## WHAT TO DO
Nothing outside the range is to be copied. From the entries below, reproduce exactly the lines starting at the one with "從主題上看,兩河流域彩陶幾何" and ending at the one with "These results are", without pictures.

## DATA PROVIDED
Start of Block

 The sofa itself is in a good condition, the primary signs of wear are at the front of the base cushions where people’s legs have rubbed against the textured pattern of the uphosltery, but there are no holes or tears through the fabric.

End of Block
Start of Block

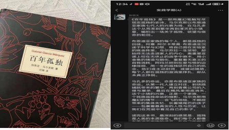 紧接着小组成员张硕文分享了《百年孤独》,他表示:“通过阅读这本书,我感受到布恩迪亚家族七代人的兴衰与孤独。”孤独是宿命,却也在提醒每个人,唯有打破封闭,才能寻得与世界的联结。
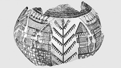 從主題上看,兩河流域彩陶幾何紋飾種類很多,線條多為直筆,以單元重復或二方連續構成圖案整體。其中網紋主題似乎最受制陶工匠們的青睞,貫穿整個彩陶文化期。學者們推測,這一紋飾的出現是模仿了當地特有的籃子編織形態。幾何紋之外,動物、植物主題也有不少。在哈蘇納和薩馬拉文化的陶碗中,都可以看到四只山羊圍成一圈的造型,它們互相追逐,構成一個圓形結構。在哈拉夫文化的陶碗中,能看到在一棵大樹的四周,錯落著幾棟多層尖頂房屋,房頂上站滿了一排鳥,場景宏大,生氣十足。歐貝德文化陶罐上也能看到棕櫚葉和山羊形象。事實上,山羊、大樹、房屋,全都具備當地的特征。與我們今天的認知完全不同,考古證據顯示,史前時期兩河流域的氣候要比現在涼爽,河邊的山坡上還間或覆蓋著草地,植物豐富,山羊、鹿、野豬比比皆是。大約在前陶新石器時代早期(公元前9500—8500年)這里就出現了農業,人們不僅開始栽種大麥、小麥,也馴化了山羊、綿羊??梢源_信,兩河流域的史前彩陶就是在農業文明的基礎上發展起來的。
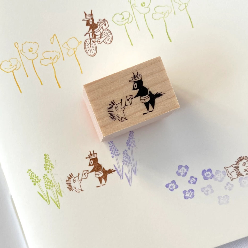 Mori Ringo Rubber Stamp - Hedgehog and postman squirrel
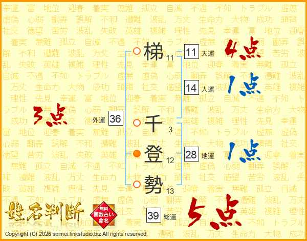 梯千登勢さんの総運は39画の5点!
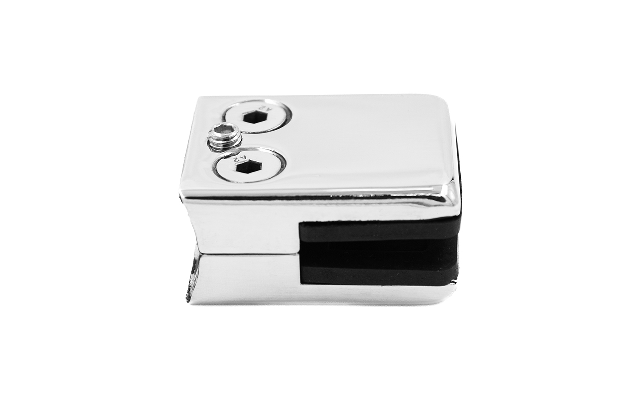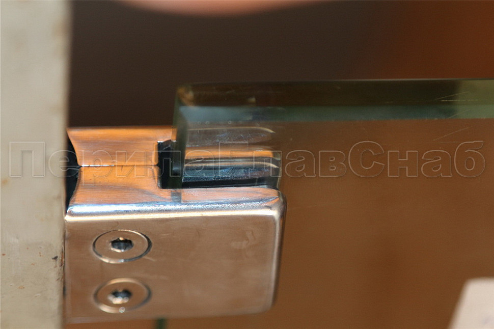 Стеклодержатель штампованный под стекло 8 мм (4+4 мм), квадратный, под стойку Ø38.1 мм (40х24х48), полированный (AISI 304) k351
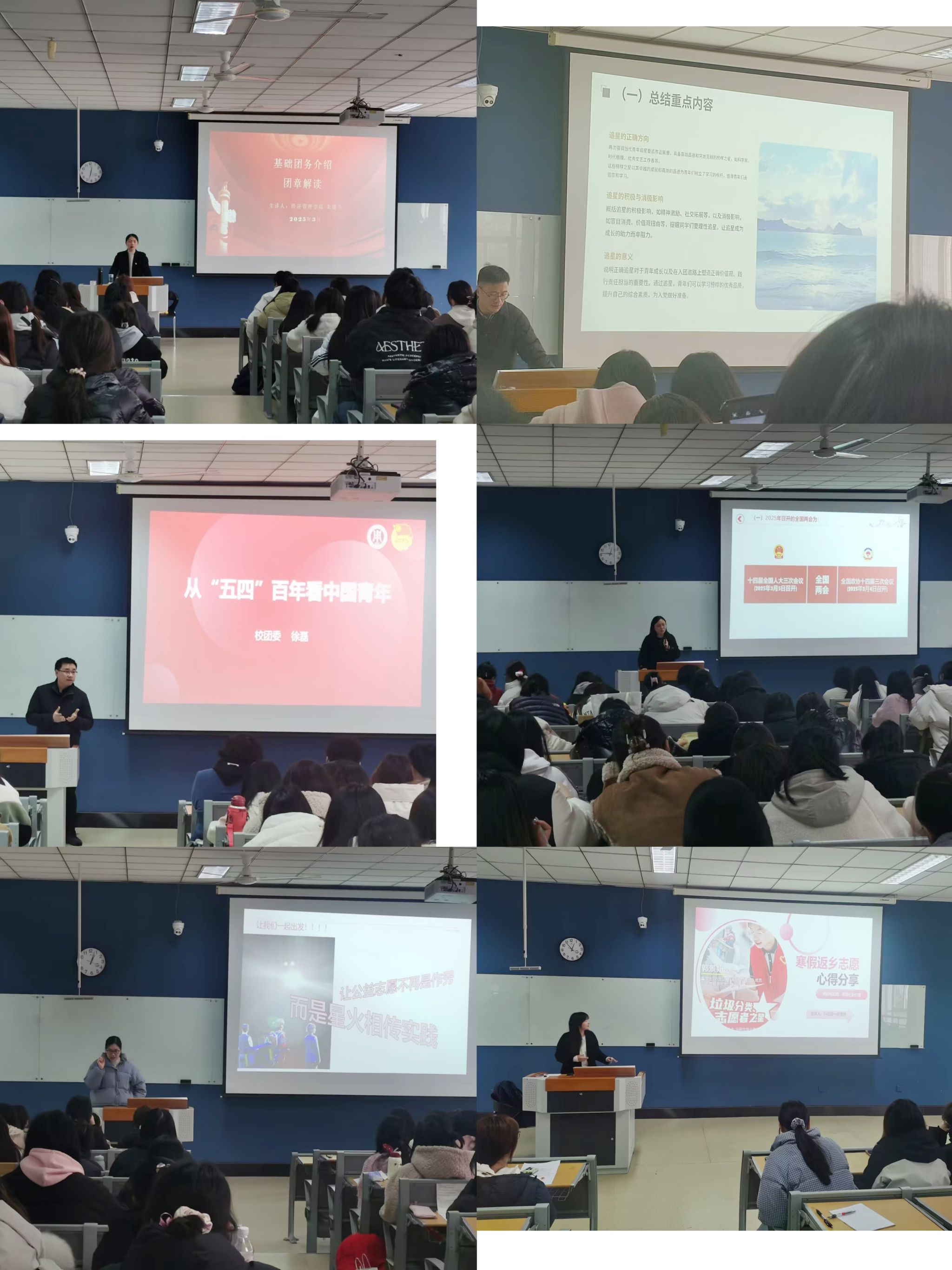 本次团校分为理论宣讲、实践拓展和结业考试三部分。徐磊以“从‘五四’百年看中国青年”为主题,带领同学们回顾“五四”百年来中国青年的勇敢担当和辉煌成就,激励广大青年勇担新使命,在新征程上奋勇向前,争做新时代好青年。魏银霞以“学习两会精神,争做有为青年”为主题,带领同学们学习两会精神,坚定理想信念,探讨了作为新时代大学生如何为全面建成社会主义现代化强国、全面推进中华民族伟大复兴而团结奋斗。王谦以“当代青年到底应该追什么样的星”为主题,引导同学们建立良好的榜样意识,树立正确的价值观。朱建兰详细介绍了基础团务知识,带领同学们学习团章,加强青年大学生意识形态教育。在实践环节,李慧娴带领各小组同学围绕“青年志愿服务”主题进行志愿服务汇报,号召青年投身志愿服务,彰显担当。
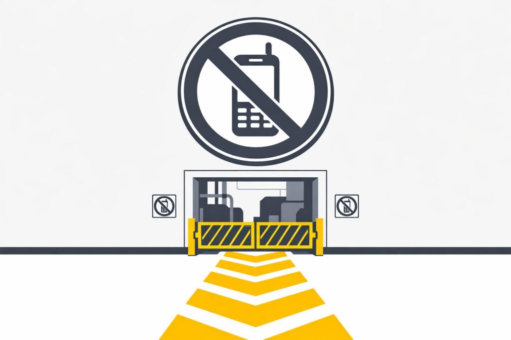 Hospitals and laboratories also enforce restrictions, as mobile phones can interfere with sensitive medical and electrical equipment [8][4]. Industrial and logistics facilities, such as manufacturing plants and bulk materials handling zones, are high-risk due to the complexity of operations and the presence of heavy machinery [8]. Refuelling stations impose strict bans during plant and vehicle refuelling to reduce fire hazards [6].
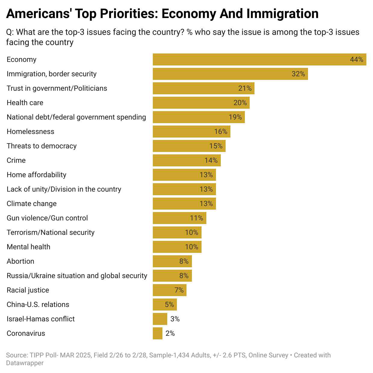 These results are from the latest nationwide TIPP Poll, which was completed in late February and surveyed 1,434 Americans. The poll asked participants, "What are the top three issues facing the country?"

End of Block

## ANSWER BOX
 從主題上看,兩河流域彩陶幾何紋飾種類很多,線條多為直筆,以單元重復或二方連續構成圖案整體。其中網紋主題似乎最受制陶工匠們的青睞,貫穿整個彩陶文化期。學者們推測,這一紋飾的出現是模仿了當地特有的籃子編織形態。幾何紋之外,動物、植物主題也有不少。在哈蘇納和薩馬拉文化的陶碗中,都可以看到四只山羊圍成一圈的造型,它們互相追逐,構成一個圓形結構。在哈拉夫文化的陶碗中,能看到在一棵大樹的四周,錯落著幾棟多層尖頂房屋,房頂上站滿了一排鳥,場景宏大,生氣十足。歐貝德文化陶罐上也能看到棕櫚葉和山羊形象。事實上,山羊、大樹、房屋,全都具備當地的特征。與我們今天的認知完全不同,考古證據顯示,史前時期兩河流域的氣候要比現在涼爽,河邊的山坡上還間或覆蓋著草地,植物豐富,山羊、鹿、野豬比比皆是。大約在前陶新石器時代早期(公元前9500—8500年)這里就出現了農業,人們不僅開始栽種大麥、小麥,也馴化了山羊、綿羊??梢源_信,兩河流域的史前彩陶就是在農業文明的基礎上發展起來的。
 Mori Ringo Rubber Stamp - Hedgehog and postman squirrel
 梯千登勢さんの総運は39画の5点!
 Стеклодержатель штампованный под стекло 8 мм (4+4 мм), квадратный, под стойку Ø38.1 мм (40х24х48), полированный (AISI 304) k351
 本次团校分为理论宣讲、实践拓展和结业考试三部分。徐磊以“从‘五四’百年看中国青年”为主题,带领同学们回顾“五四”百年来中国青年的勇敢担当和辉煌成就,激励广大青年勇担新使命,在新征程上奋勇向前,争做新时代好青年。魏银霞以“学习两会精神,争做有为青年”为主题,带领同学们学习两会精神,坚定理想信念,探讨了作为新时代大学生如何为全面建成社会主义现代化强国、全面推进中华民族伟大复兴而团结奋斗。王谦以“当代青年到底应该追什么样的星”为主题,引导同学们建立良好的榜样意识,树立正确的价值观。朱建兰详细介绍了基础团务知识,带领同学们学习团章,加强青年大学生意识形态教育。在实践环节,李慧娴带领各小组同学围绕“青年志愿服务”主题进行志愿服务汇报,号召青年投身志愿服务,彰显担当。
 Hospitals and laboratories also enforce restrictions, as mobile phones can interfere with sensitive medical and electrical equipment [8][4]. Industrial and logistics facilities, such as manufacturing plants and bulk materials handling zones, are high-risk due to the complexity of operations and the presence of heavy machinery [8]. Refuelling stations impose strict bans during plant and vehicle refuelling to reduce fire hazards [6].
 These results are from the latest nationwide TIPP Poll, which was completed in late February and surveyed 1,434 Americans. The poll asked participants, "What are the top three issues facing the country?"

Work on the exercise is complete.